> ASSIGNMENT: With the pictures left out, copy the records below exactly from the first line down to the line holding "4. Caracas shows", and include that line.

== Segment start ==

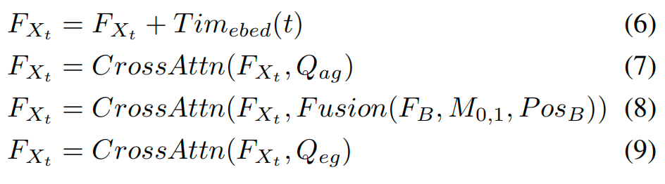。CATG采用无分类器引导的训练方式,将驾驶锚点作为条件信号引导轨迹生成。训练阶段,通过计算轨迹词汇表与真实轨迹(GT轨迹)间的动态时间规整(DTW)距离,选取与真实轨迹最相似的锚点作为条件信号;推理阶段,利用预训练的GTRS评分模型(基于V2-99骨干网络)筛选出可能性最高的前100个锚点,将其作为条件输入以生成多样化且合规的轨迹。(2)目标点:训练阶段,CATG以真实轨迹的终点作为条件信号;测试阶段则相反,以从评分模型获取的锚点终点作为条件控制信号。
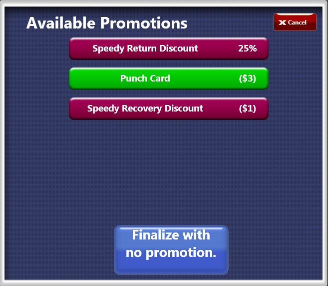 The punch card promotion is now configured for all Eligible Customers. The WashConnect® system tracks the customers Promotions and Purchases, and the system will advise if available promotions exist for customer before transaction is finalized. Customer can redeem multiple punch card promotions.
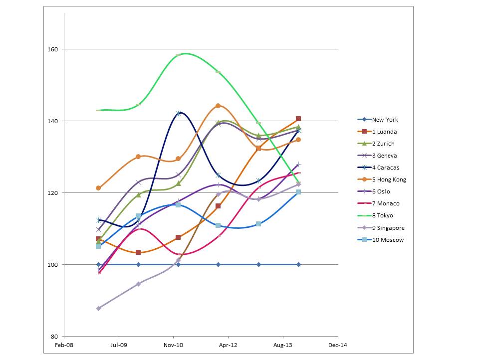 4. Caracas shows upward movement back to its high COLI in 2011 of 142.1, from 112.39 in 2009 to 137.4 in 2014, this is due to the high inflation and rentals, however there is again pressure on the currency to be devalued which should temporarily bring costs down in the short term.
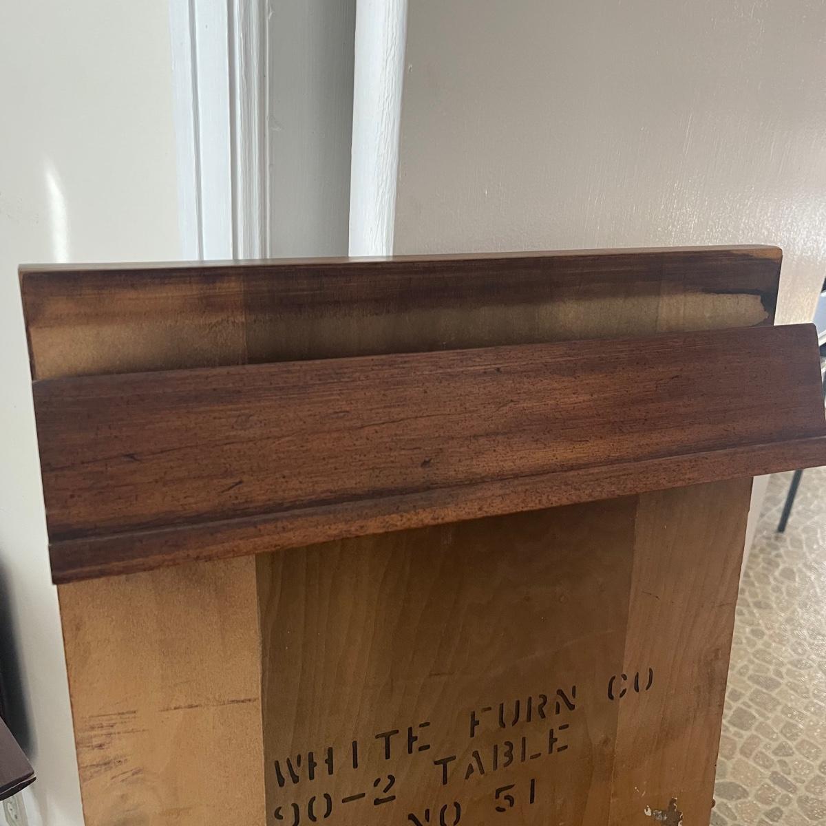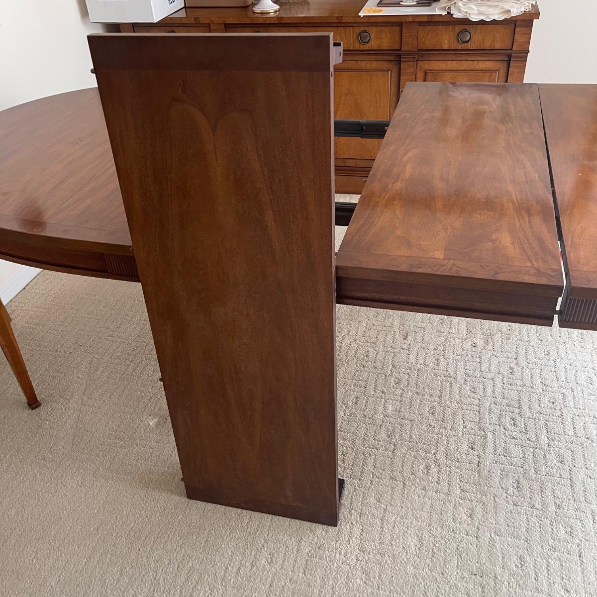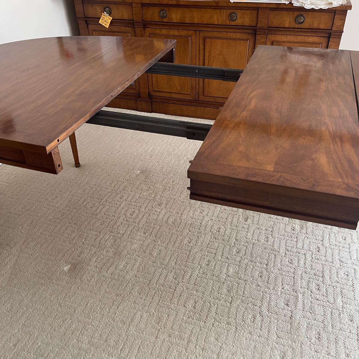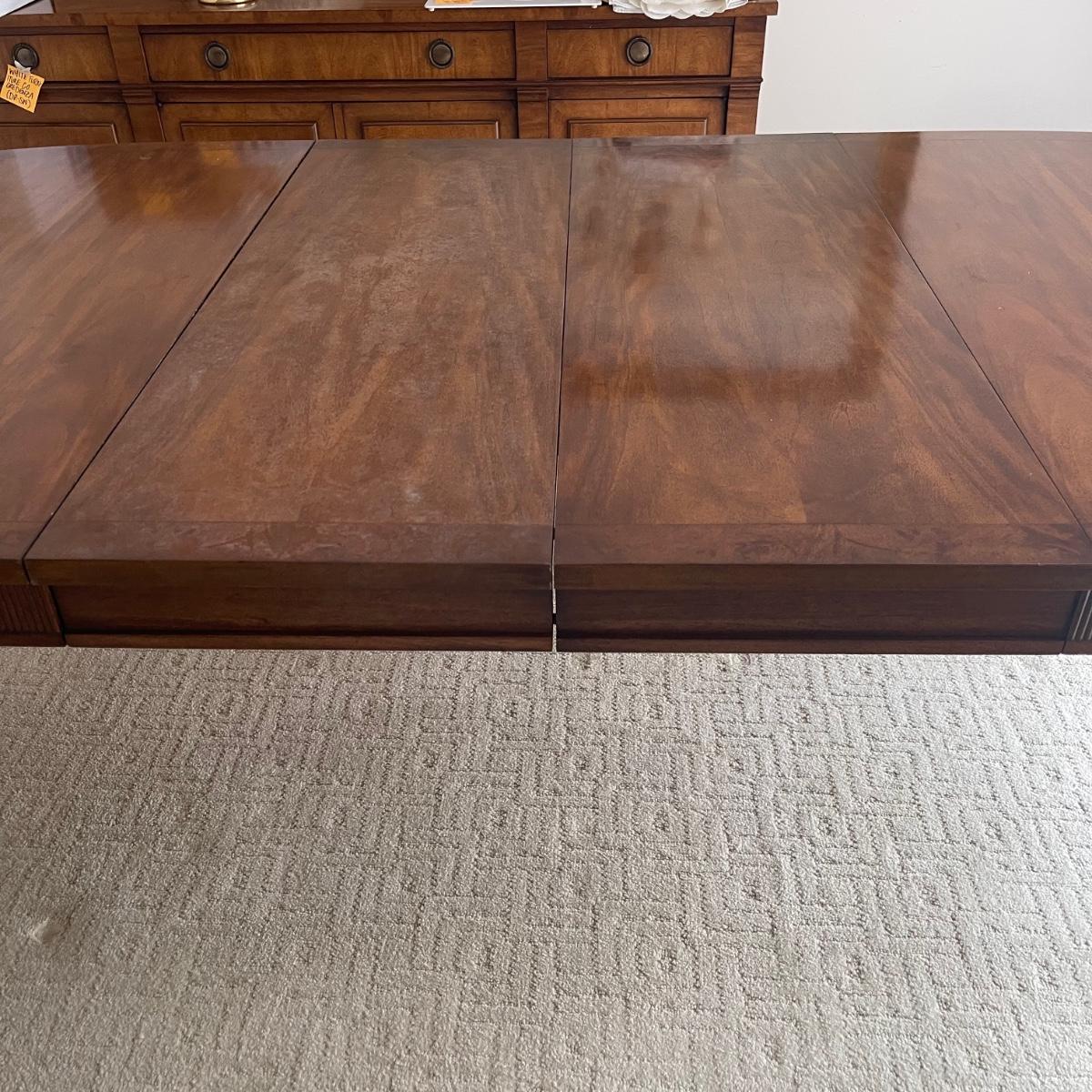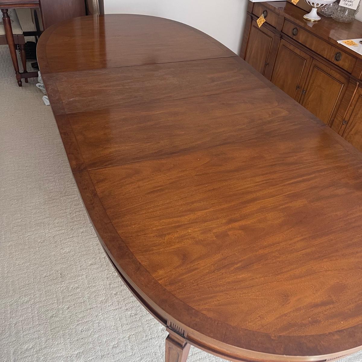 White Furniture Company dining room table with two leaf inserts. With both table leafs in, the table is 100 inches long, with no inserts the table is 68 inches long. It is 45 inches wide and 29 inches tall. There is a metal hook on the underside that hooks together when there are no inserts in so the table doesn’t pull apart. Table has not real blemishes and is beautiful wood grain.
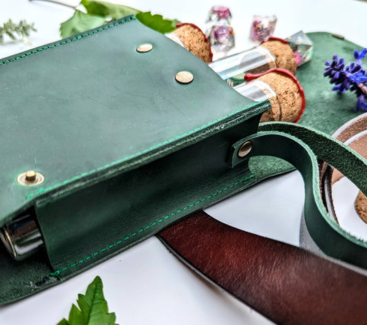 THE RELIC KEEPER - DICE POUCH - GENUINE LEATHER - WITH GLASS VIALS
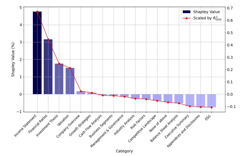 Using more than a hundred thousand analyst reports, the author tapped the large language model to address a variety of questions, including assessing “how much each topic within the reports contributes to explaining stock returns.” That ranking is pictured in the chart above.
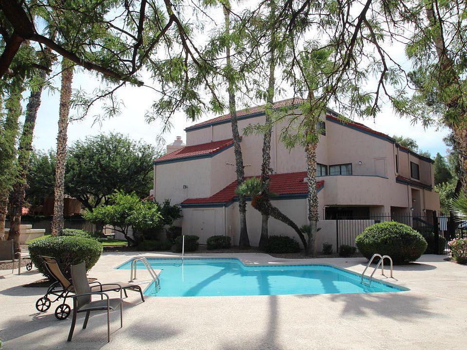FULLY APPROVED FHA condo complex. Main level 2 bedroom condo in great central locale just off the loop path on the Rillito River (Limberlost & Campbell Ave). Short commute to shopping and dining at St. Phillips Plaza, close to UMC, & 4 miles from U of A. The grounds are lush mature landscaping; a mixture of mature trees and lush green grass. Very well maintained condo community with community pool, jacuzzi, and tennis courts. First floor unit with 2 bedrooms and 2 baths. Open bright great room plan w/ floor to ceiling windows to gated courtyard patio w/locked storage closet. kitchen cook area opens to dining area. Large walk in pantry/storage. Great LOCK & LEAVE winter retreat or student housing? HOA covers water, sewer, trash, roof, & grounds maintenance.
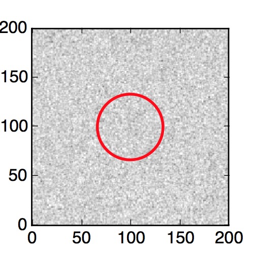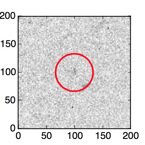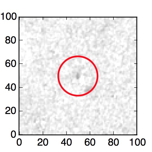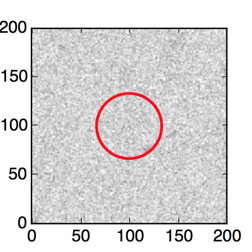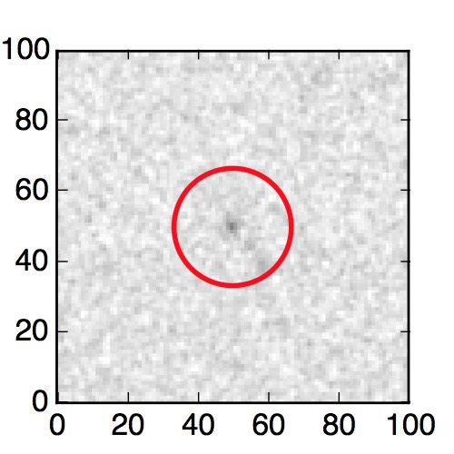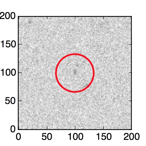 The red circle in the various panels is 1" in radius. The images are 6"x6".

== Segment end ==

> YOUR RESPONSE:
。CATG采用无分类器引导的训练方式,将驾驶锚点作为条件信号引导轨迹生成。训练阶段,通过计算轨迹词汇表与真实轨迹(GT轨迹)间的动态时间规整(DTW)距离,选取与真实轨迹最相似的锚点作为条件信号;推理阶段,利用预训练的GTRS评分模型(基于V2-99骨干网络)筛选出可能性最高的前100个锚点,将其作为条件输入以生成多样化且合规的轨迹。(2)目标点:训练阶段,CATG以真实轨迹的终点作为条件信号;测试阶段则相反,以从评分模型获取的锚点终点作为条件控制信号。
 The punch card promotion is now configured for all Eligible Customers. The WashConnect® system tracks the customers Promotions and Purchases, and the system will advise if available promotions exist for customer before transaction is finalized. Customer can redeem multiple punch card promotions.
 4. Caracas shows upward movement back to its high COLI in 2011 of 142.1, from 112.39 in 2009 to 137.4 in 2014, this is due to the high inflation and rentals, however there is again pressure on the currency to be devalued which should temporarily bring costs down in the short term.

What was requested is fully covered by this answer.